For this example in Jupyter format, I'm simply putting the functions in a list. In a python project, you can use the implementation here as an inspiration: https://github.com/AtakanTekparmak/ollama_langhcain_fn_calling/tree/main

In [2]:
import inspect

class FunctionCaller:
    """
    A class to call functions from tools.py.
    """

    def __init__(self):
        # Initialize the functions dictionary
        self.functions = {
            "get_weather_forecast": get_weather_forecast,
            "get_random_city": get_random_city,
            "get_random_number": get_random_number,
        }
        self.outputs = {}

    def create_functions_metadata(self) -> list[dict]:
        """Creates the functions metadata for the prompt. """
        def format_type(p_type: str) -> str:
            """Format the type of the parameter."""
            # If p_type begins with "<class", then it is a class type
            if p_type.startswith("<class"):
                # Get the class name from the type
                p_type = p_type.split("'")[1]
            
            return p_type
            
        functions_metadata = []
        i = 0
        for name, function in self.functions.items():
            i += 1
            descriptions = function.__doc__.split("\n")
            print(descriptions)
            functions_metadata.append({
                "name": name,
                "description": descriptions[0],
                "parameters": {
                    "properties": [ # Get the parameters for the function
                        {   
                            "name": param_name,
                            "type": format_type(str(param_type)),
                        }
                        # Remove the return type from the parameters
                        for param_name, param_type in function.__annotations__.items() if param_name != "return"
                    ],
                    
                    "required": [param_name for param_name in function.__annotations__ if param_name != "return"],
                } if function.__annotations__ else {},
                "returns": [
                    {
                        "name": name + "_output",
                        "type": {param_name: format_type(str(param_type)) for param_name, param_type in function.__annotations__.items() if param_name == "return"}["return"]
                    }
                ]
            })

        return functions_metadata

    def call_function(self, function):
        """
        Call the function from the given input.

        Args:
            function (dict): A dictionary containing the function details.
        """
    
        def check_if_input_is_output(input: dict) -> dict:
            """Check if the input is an output from a previous function."""
            for key, value in input.items():
                if value in self.outputs:
                    input[key] = self.outputs[value]
            return input

        # Get the function name from the function dictionary
        function_name = function["name"]
        
        # Get the function params from the function dictionary
        function_input = function["params"] if "params" in function else None
        function_input = check_if_input_is_output(function_input) if function_input else None
    
        # Call the function from tools.py with the given input
        # pass all the arguments to the function from the function_input
        output = self.functions[function_name](**function_input) if function_input else self.functions[function_name]()
        self.outputs[function["output"]] = output
        return output

    

#### 3. Setup The Function Caller and Prompt

In [3]:
# Initialize the FunctionCaller 
function_caller = FunctionCaller()

# Create the functions metadata
functions_metadata = function_caller.create_functions_metadata()
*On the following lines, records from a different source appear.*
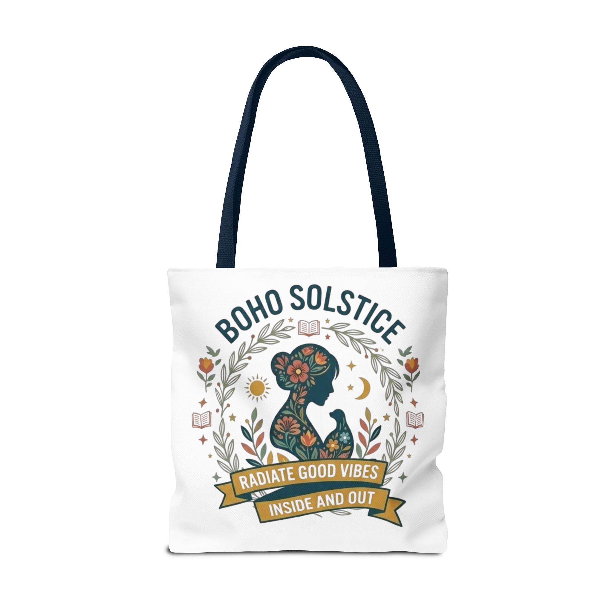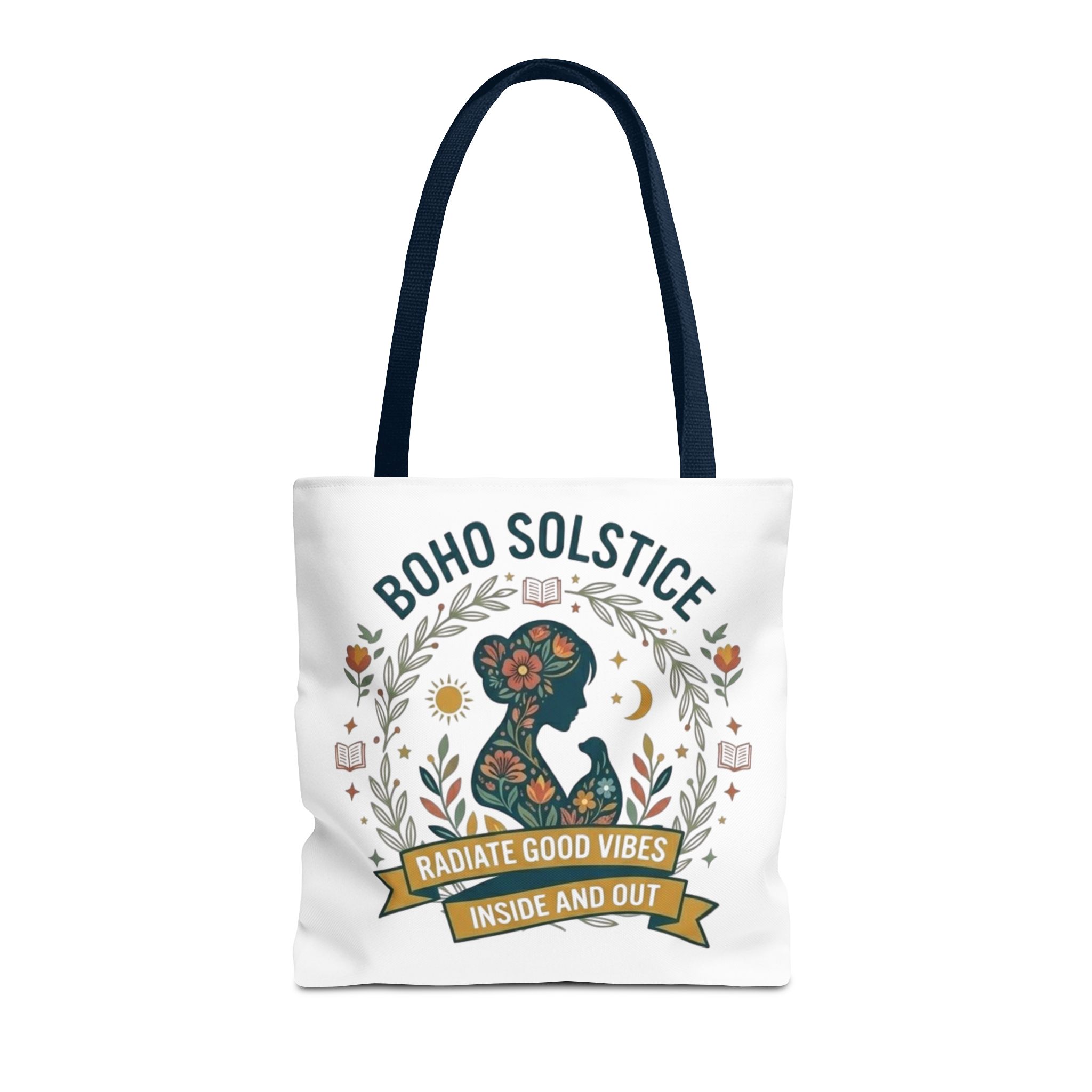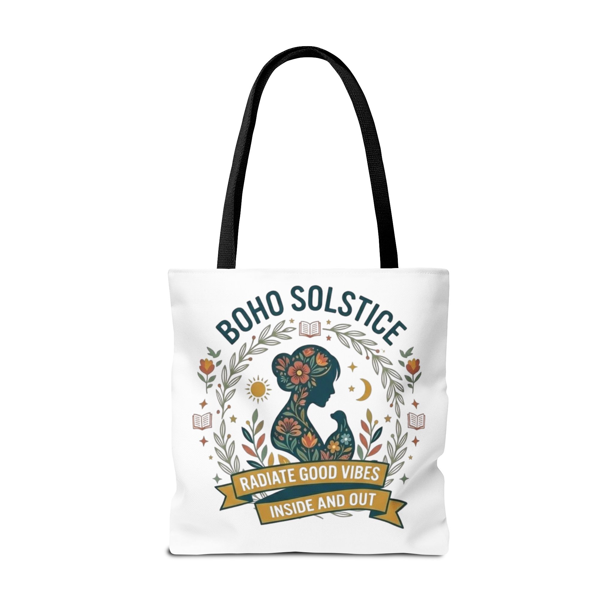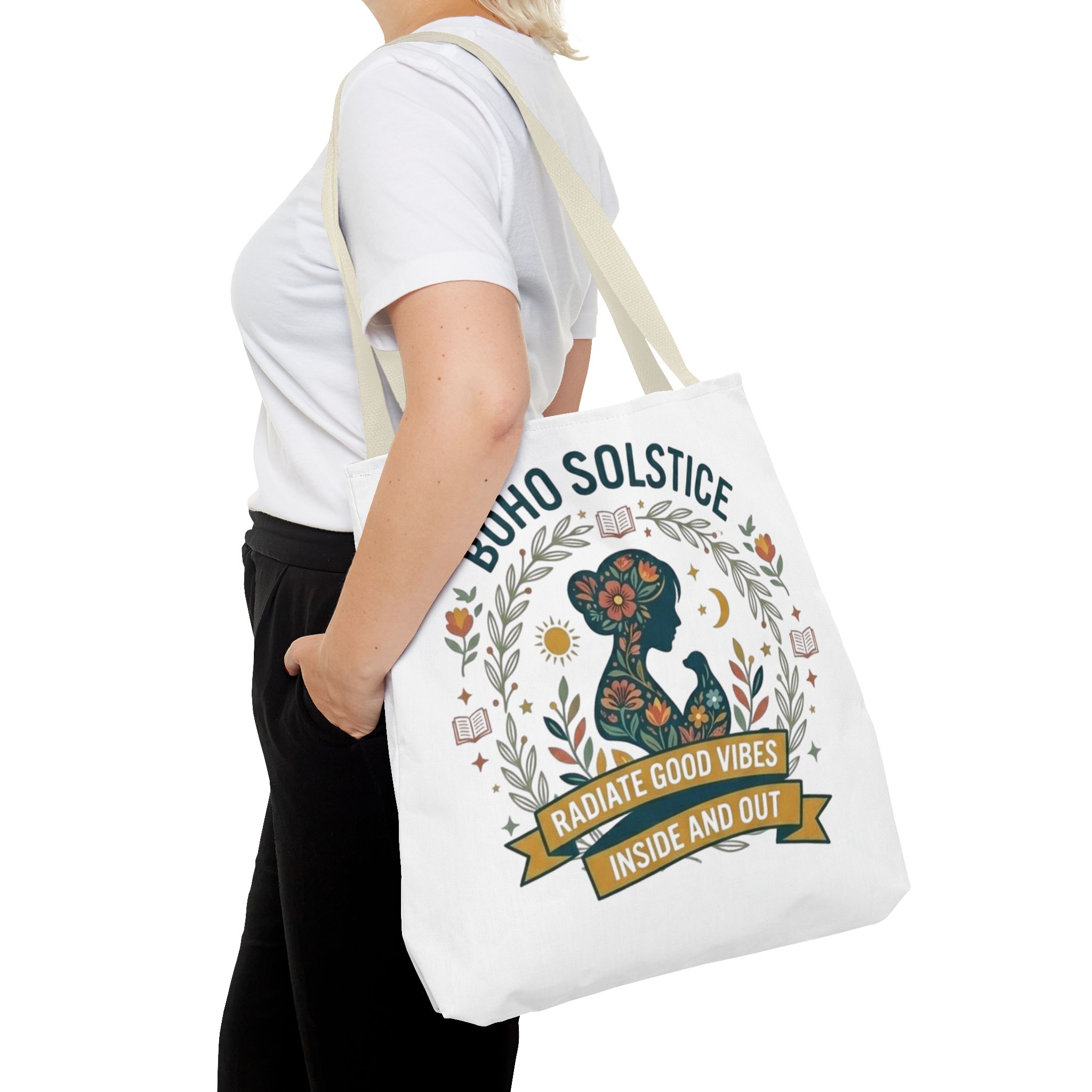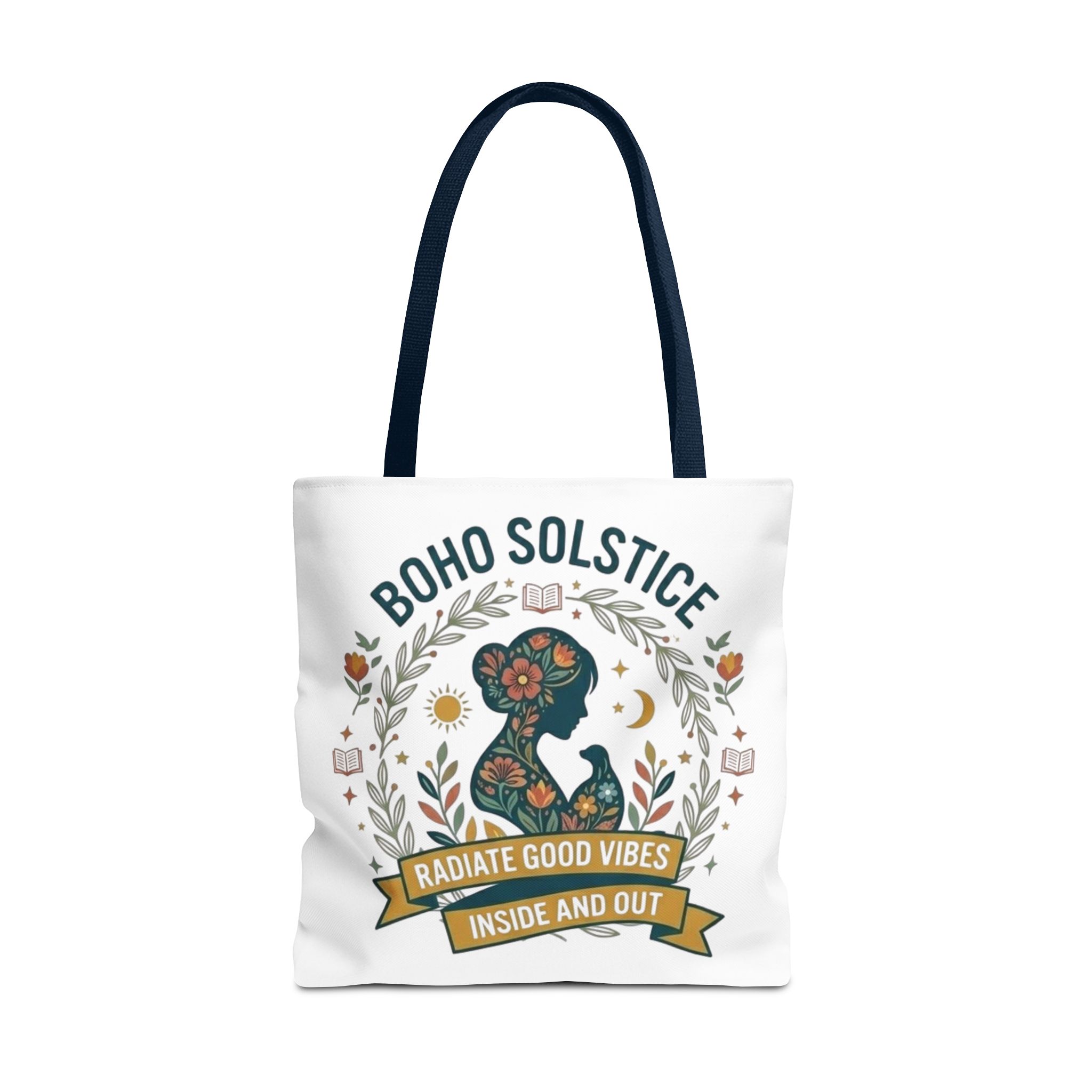 This roomy tote brings a gentle boho energy to everyday errands and seasonal rituals. Soft white polyester holds a colorful, nature-inspired silhouette framed in leafy wreaths and warm sun motifs. The illustration whispers of slow mornings, incense-streaked air, and long walks through golden fields — an accessory that carries books, market finds, or a picnic blanket while reflecting an inward calm. The sturdy construction and boxy shape mean it won’t sag under pottery or groceries, and the color-contrasting handles add a subtle, handcrafted touch that suits a wardrobe layered with linen, crochet, and well-worn denim. Use it during solstice gatherings, market mornings, or as a daily reminder to radiate good vibes.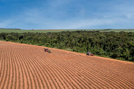 Above view captures agricultural machinery in fields, demonstrating planting techniques through aerial footage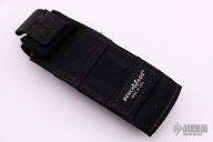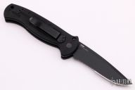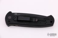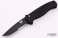 This 9052 AFO auto has a black blade with partially serrated edge. Black anodized aluminum handle. Integrated safety system. Black stainless steel clip - up or down reversible, and lanyard hole. Has some scuffs on the frame, otherwise good condition. Comes with nylon sheath and Benchmade box.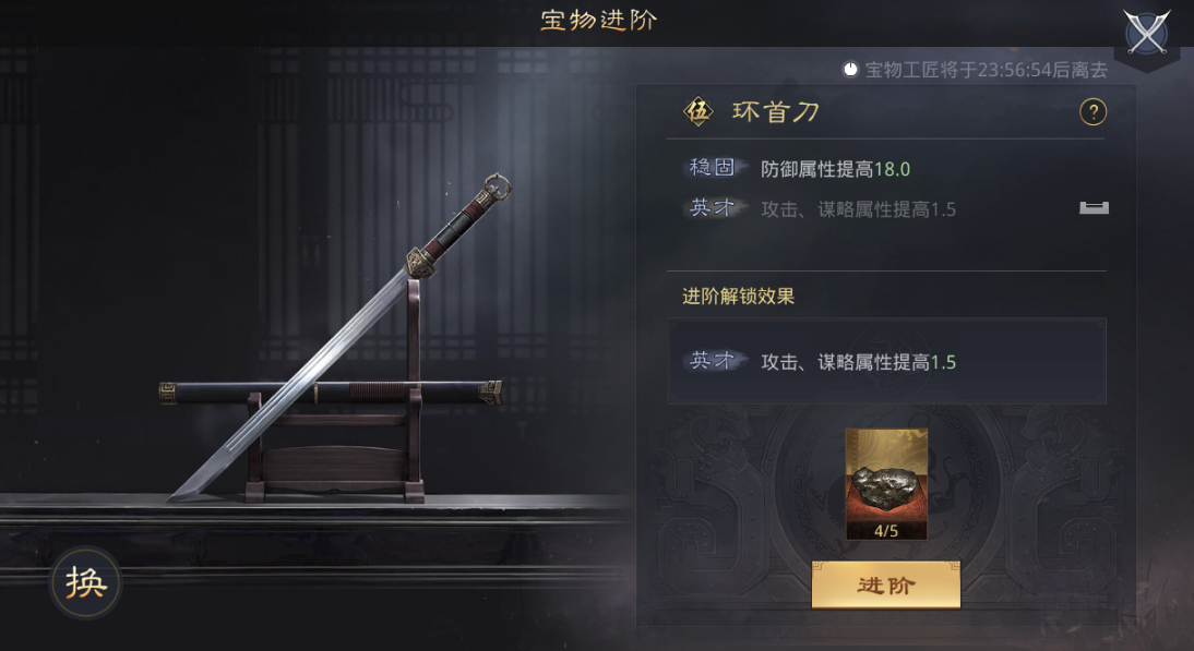 首先得把精品宝物强化到5级,这时候就能找工匠进行第一次进阶了。进阶后会变成罕俦品质,同时解锁新的基础效果,但强化等级会重置为0级。记得不同类型的宝物需要的材料不一样,铁质武器需要赤珠山铁,木制武器则需要小叶紫檀,混合材质两者都要。进阶后宝物的名字和外形也会变得更酷炫哦。

['Retrieves the weather forecast for a given location']
['Retrieves a random city from a list of cities']
['Retrieves a random number']


In [4]:
import json

# Create the system prompt
prompt_beginning = """
You are an AI assistant that can help the user with a variety of tasks. You have access to the following functions:

"""

system_prompt_end = """

When the user asks you a question, if you need to use functions, provide ONLY the function calls, and NOTHING ELSE, in the format:
<function_calls>    
[
    { "name": "function_name_1", "params": { "param_1": "value_1", "param_2": "value_2" }, "output": "The output variable name, to be possibly used as input for another function},
    { "name": "function_name_2", "params": { "param_3": "value_3", "param_4": "output_1"}, "output": "The output variable name, to be possibly used as input for another function"},
    ...
]
"""
system_prompt = prompt_beginning + f"<tools> {json.dumps(functions_metadata, indent=4)} </tools>" + system_prompt_end

#### 4. Load the model

In [6]:
import llama_cpp
model = llama_cpp.Llama(
    model_path='Hermes-2-Pro-Llama-3-Instruct-Merged-DPO-F16.gguf',
    n_gpu_layers=32,
    n_threads=10,
    use_mlock=True,
    flash_attn=True,
    n_ctx=8192,
)

llama_model_loader: loaded meta data with 22 key-value pairs and 291 tensors from Hermes-2-Pro-Llama-3-Instruct-Merged-DPO-F16.gguf (version GGUF V3 (latest))
llama_model_loader: Dumping metadata keys/values. Note: KV overrides do not apply in this output.
llama_model_loader: - kv   0:                       general.architecture str              = llama
llama_model_loader: - kv   1:                               general.name str              = Hermes-2-Pro-Llama-3-Instruct-Merged-DPO
llama_model_loader: - kv   2:                          llama.block_count u32              = 32
llama_model_loader: - kv   3:                       llama.context_length u32              = 8192
llama_model_loader: - kv   4:                     llama.embedding_length u32              = 4096
llama_model_loader: - kv   5:                  llama.feed_forward_length u32              = 14336
llama_model_loader: - kv   6:                 llama.attention.head_count u32              = 32
llama_model_loader: - kv   7: 

#### Inference

In [7]:

# Compose the prompt 
user_query = "What's the temperature in a random city?"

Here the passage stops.